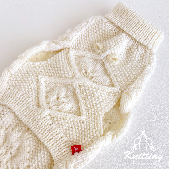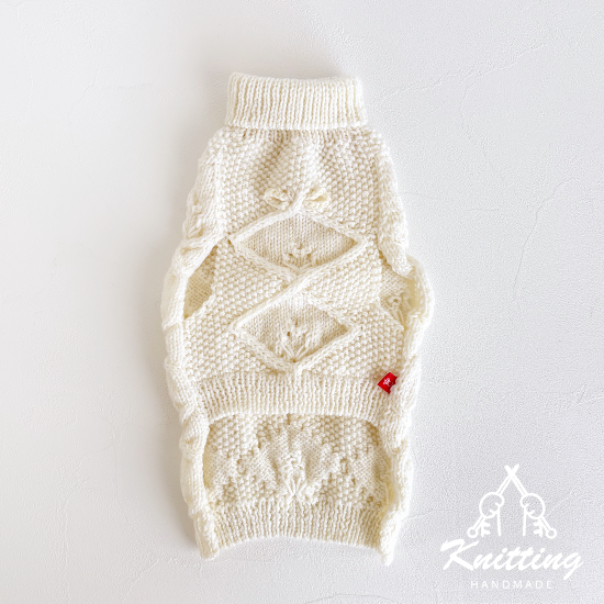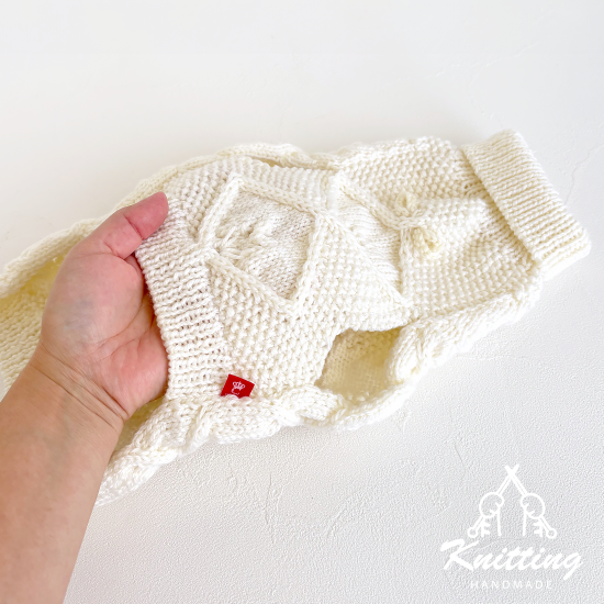 ◯サイズ:フリーサイズ 標準サイズ(3〜5キロくらい)の成猫用です。モデル猫(オス)は4.3キロです。 ※こちらの白いセーターは「アラン模様(白)」です。色柄が違いますのでサイズ確認用としてご覧ください。 《平置きサイズ》首まわり:10cm 胴回り:21cm 着丈:37cm
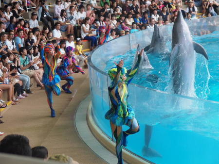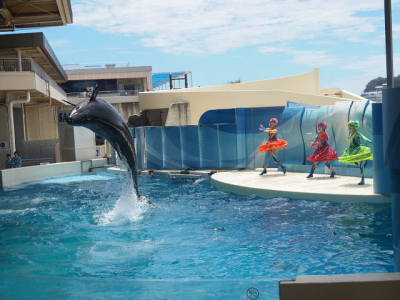 新江ノ島水族館でイルカのショ―を見る (2014年8月3日撮影)
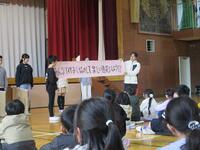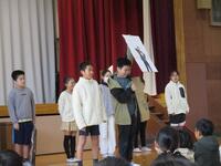 12月の全校朝会では、計画委員の子ども達が全校遠足について説明しました。
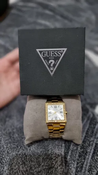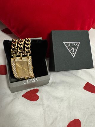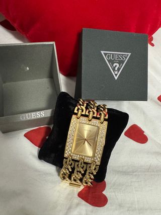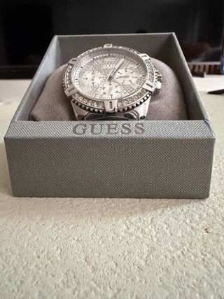Reloj Guess original, cronógrafo, acabado en dorado y decorado con cristales Swarovski auténticos, que aportan un brillo elegante y muy llamativo. Diseño sofisticado y de gran presencia, ideal tanto para ocasiones especiales como para elevar cualquier look diario. Funciona perfectamente y se encuentra en muy buen estado, bien cuidado. Se entrega con caja original Guess, ideal también como regalo. Un reloj de marca reconocida, con estética de lujo, a un precio muy inferior al de tienda.
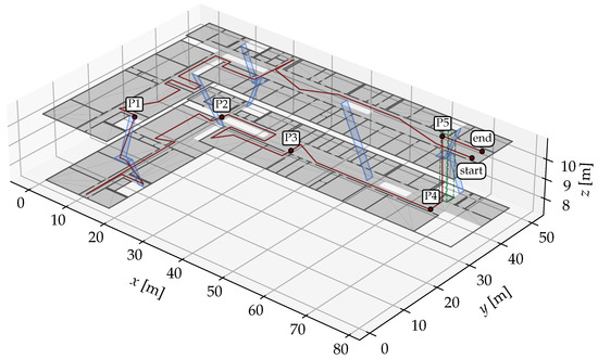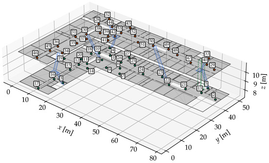 Here, is a reference RSS measured at a distance (usually 1 m) and is a constant attenuation factor. marks the number of floors or ceilings, respectively, between the transmitter and the receiver. Walls and other obstacles could also be considered for the attenuation [21]. However, since they would impact the computational effort much more, they are omitted here. For each AP, the parameters , and are optimized together with the position of the AP. This way, it is ensured that the signal propagation of each AP is represented best by the corresponding function. When applying the function, d and can be derived by knowing , which is contained in . If the AP position within the map is known, it is accepted as a prior but still included in the optimization process. To evaluate a particle and update its weight, a Gaussian distribution with a user-defined noise variance is assumed with the RSS function value for each AP. The current incoming measurement from each AP is then evaluated against this function.
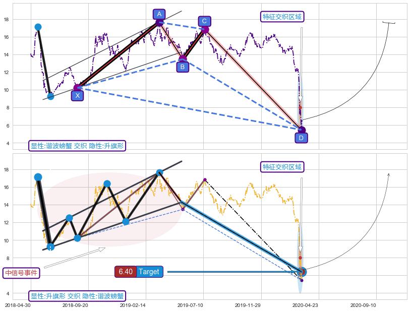 ➢ 升旗形属【中级别信号事件】谐波螃蟹属【长级别信号事件】中长周期组合信号事件,中长事件长度比64.36%
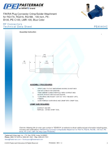 any representation or warranty regarding the suitability of the part described herein for any particular purpose, and Pasternack does not assume any liability arising out of the use of any part or documentation.
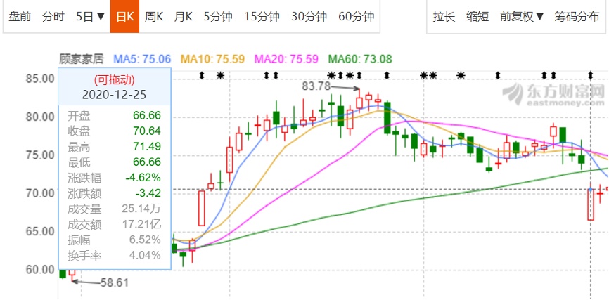 12月25日早盘,顾家家居股价大幅低开,一度逼近跌停,随后反弹,截至当日收盘下跌4.62%,市值相比上一个交易日蒸发超20亿元。
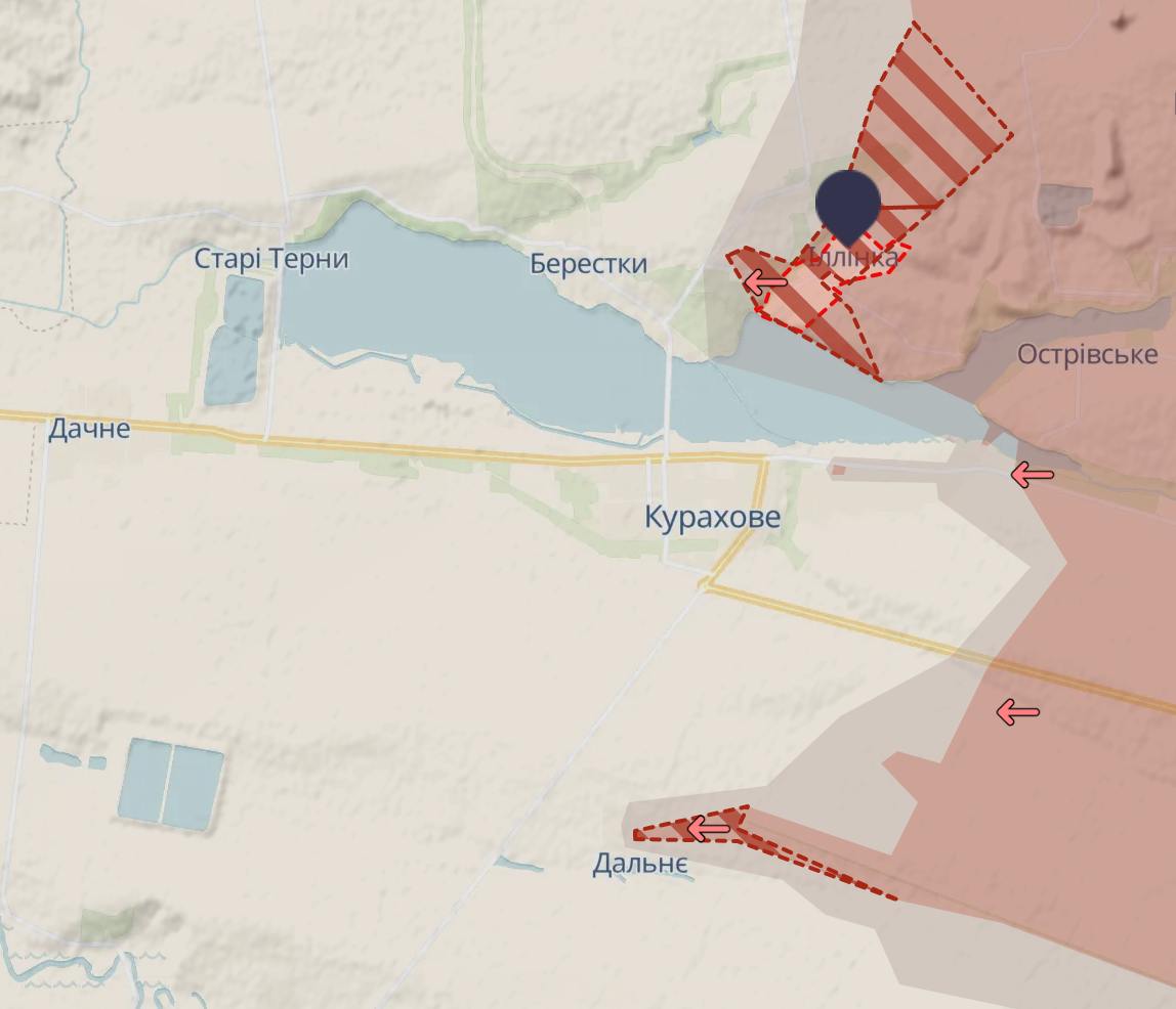 17.26 Менше 6 км залишилося до оточення ЗСУ на південь від Курахового, свідчить карта Deep State.
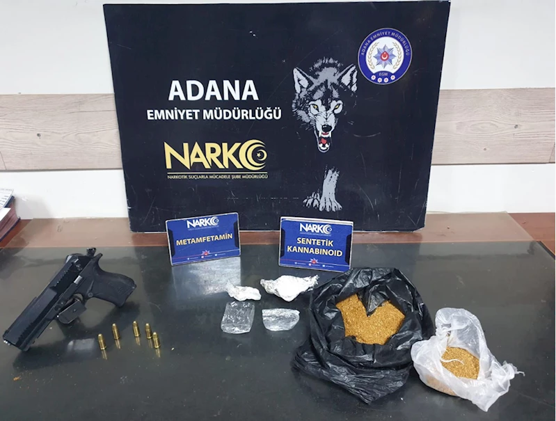 Adreslerde yapılan aramada, çeşitli miktarlarda uyuşturucu, 1 ruhsatsız tabanca ile bu silaha ait 5 mermi ele geçirildi.
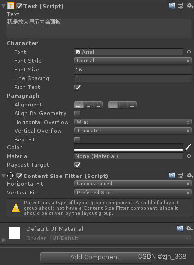 2、给Text对象添加ContentSizeFitter组件。用于设置水平或垂直内容的自动调整
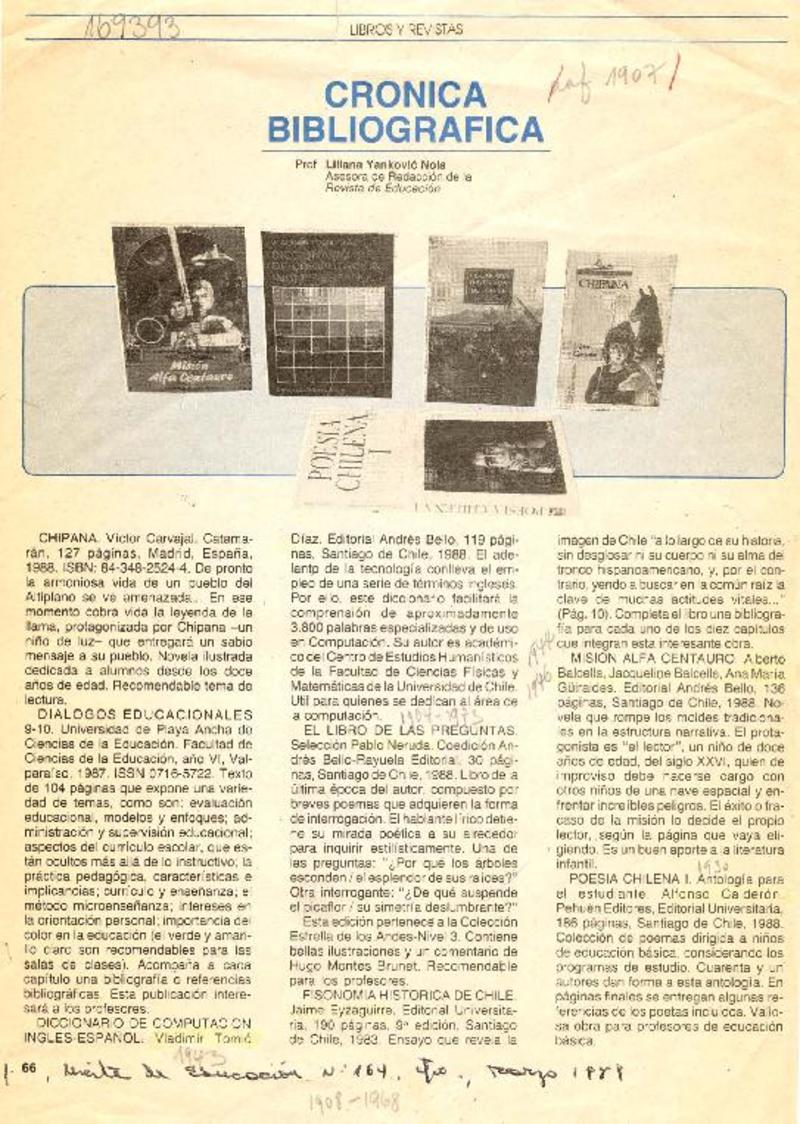 Crónica bibliográfica [artículo] Liliana Yankovic Nola.
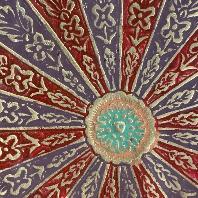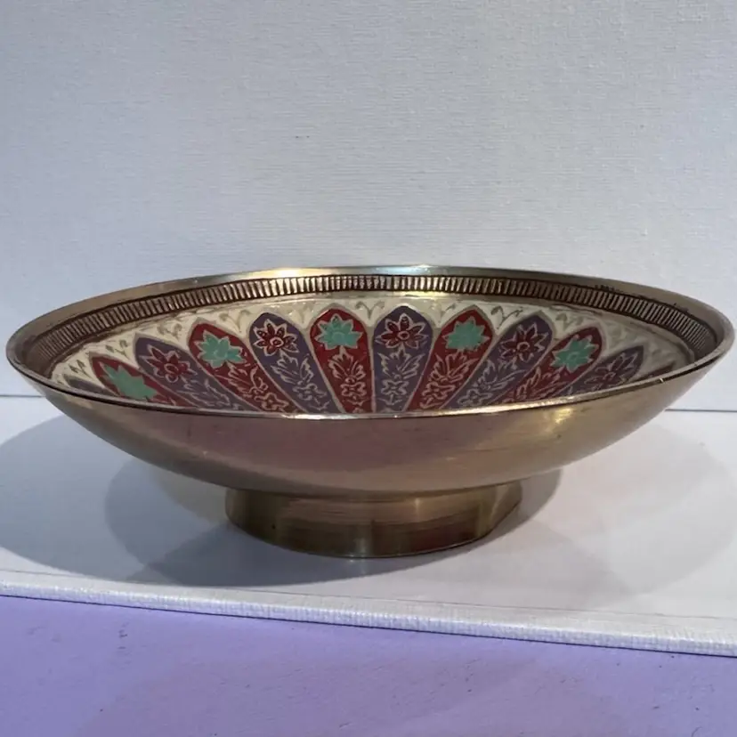 Beautiful vintage brass trinket bowl. With red, purple and aqua enamel design. Measures 5 1/2 inches across.
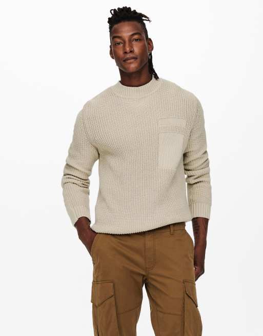 Only & Sons - Beige trøje med høj hals og tekstur
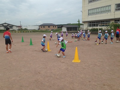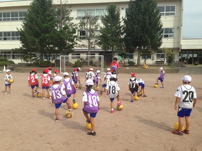 それぞれの学年で違ったメニューを行います。ドリブルやボール遊びなど、それぞれの学年が真剣に、楽しんで練習をしてくれました。
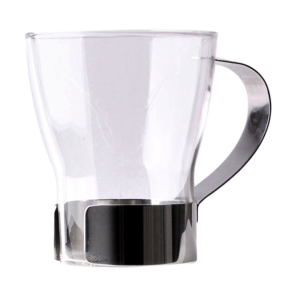 Чашка кофейная; термост.стекло,сталь; 375мл; D=86,H=100,L=117мм; прозр.,серебрян.
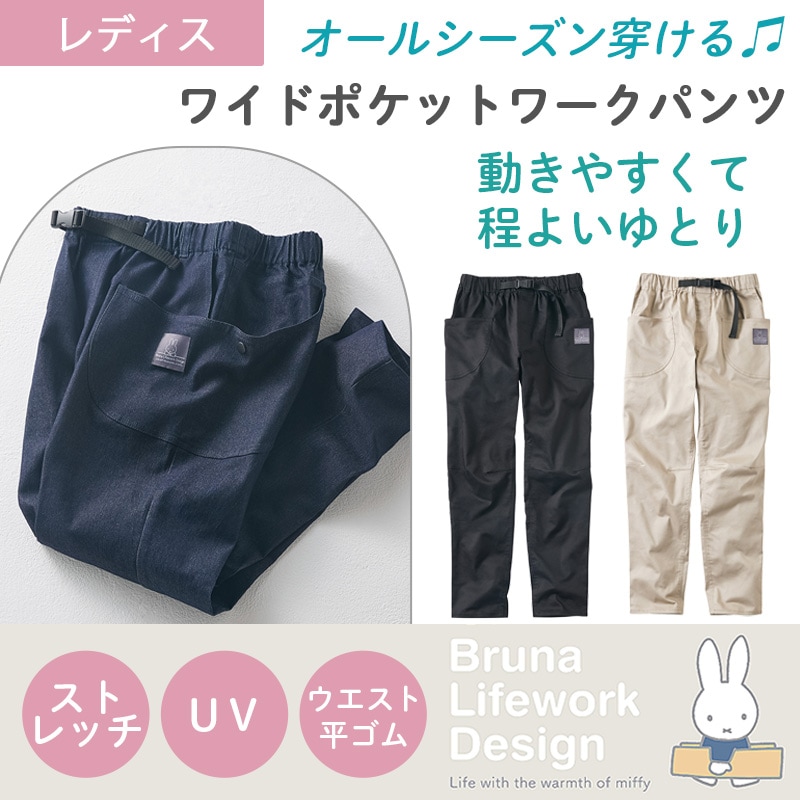 miffy ワイドポケットワークパンツ 95509 秋冬 ミッフィー オールシーズン ストレッチ UVカット ウエスト平ゴム バックル 多ポケット ヒザ立体裁断 M-3L Bruna Lifework Design workson
———
Nothing but the lines from the line with "それぞれの学年で違ったメニュ" through the end of the listing should appear in the answer, each duplicated exactly, without pictures.

 それぞれの学年で違ったメニューを行います。ドリブルやボール遊びなど、それぞれの学年が真剣に、楽しんで練習をしてくれました。
 Чашка кофейная; термост.стекло,сталь; 375мл; D=86,H=100,L=117мм; прозр.,серебрян.
 miffy ワイドポケットワークパンツ 95509 秋冬 ミッフィー オールシーズン ストレッチ UVカット ウエスト平ゴム バックル 多ポケット ヒザ立体裁断 M-3L Bruna Lifework Design workson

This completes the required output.